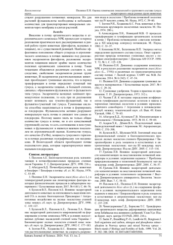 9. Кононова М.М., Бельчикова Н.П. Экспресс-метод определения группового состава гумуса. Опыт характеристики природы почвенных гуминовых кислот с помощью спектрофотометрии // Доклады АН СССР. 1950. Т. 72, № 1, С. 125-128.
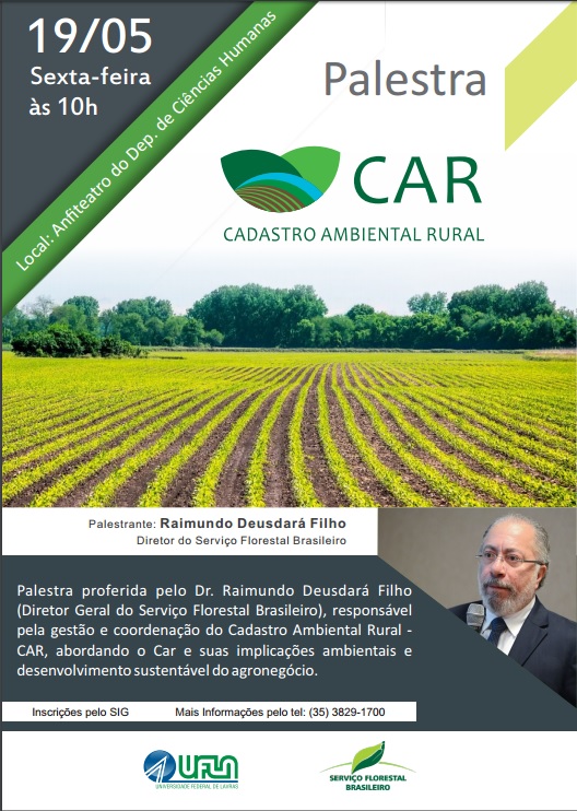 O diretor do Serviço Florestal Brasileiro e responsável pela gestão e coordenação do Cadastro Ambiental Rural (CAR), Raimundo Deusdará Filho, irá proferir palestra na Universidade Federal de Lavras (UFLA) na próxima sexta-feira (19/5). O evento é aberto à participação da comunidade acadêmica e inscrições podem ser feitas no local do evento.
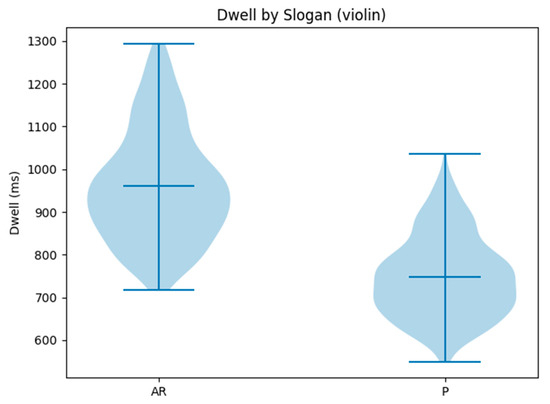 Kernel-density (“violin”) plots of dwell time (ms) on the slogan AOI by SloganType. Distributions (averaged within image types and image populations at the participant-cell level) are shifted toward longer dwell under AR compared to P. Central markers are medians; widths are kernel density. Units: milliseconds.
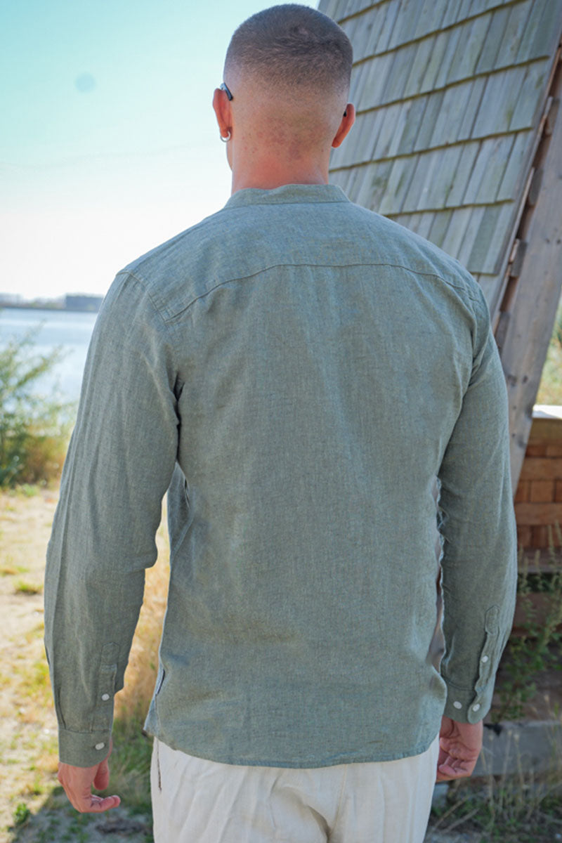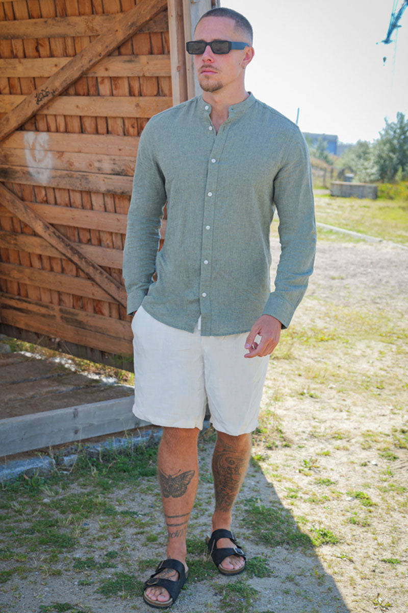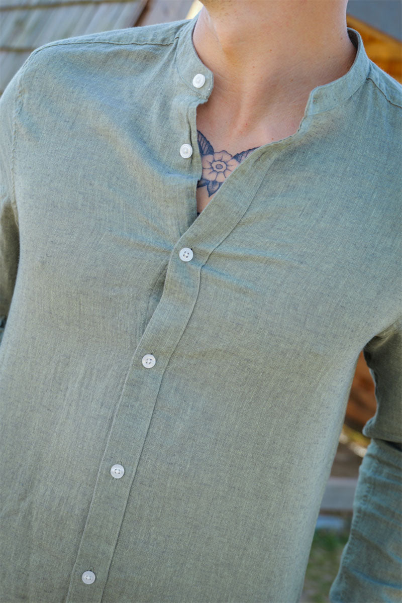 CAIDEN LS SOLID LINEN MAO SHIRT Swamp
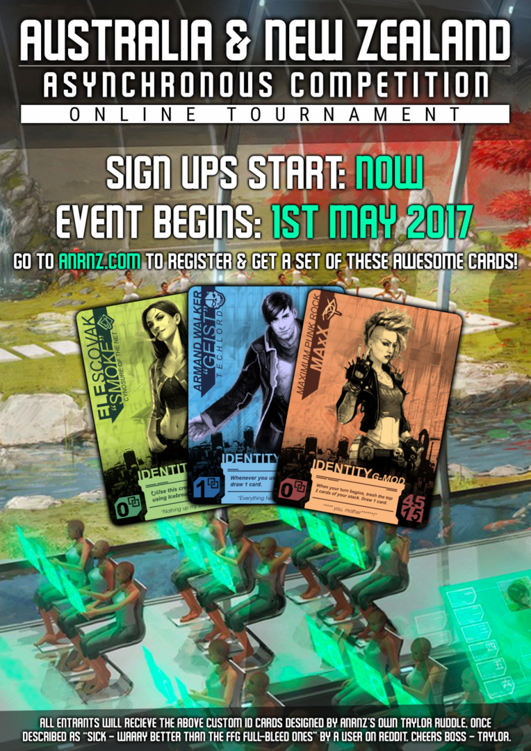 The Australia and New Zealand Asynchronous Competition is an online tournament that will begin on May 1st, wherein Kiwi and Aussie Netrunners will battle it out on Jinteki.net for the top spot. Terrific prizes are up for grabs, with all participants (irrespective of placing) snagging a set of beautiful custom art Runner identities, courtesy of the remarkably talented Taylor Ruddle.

──────

• _Task statement_
In the listing, find the line containing "CAIDEN LS SOLID LINEN MAO SHIRT Swamp" and repeat it and every later line through the last one, word for word, excluding the pictures.

• _Task answer_
 CAIDEN LS SOLID LINEN MAO SHIRT Swamp
 The Australia and New Zealand Asynchronous Competition is an online tournament that will begin on May 1st, wherein Kiwi and Aussie Netrunners will battle it out on Jinteki.net for the top spot. Terrific prizes are up for grabs, with all participants (irrespective of placing) snagging a set of beautiful custom art Runner identities, courtesy of the remarkably talented Taylor Ruddle.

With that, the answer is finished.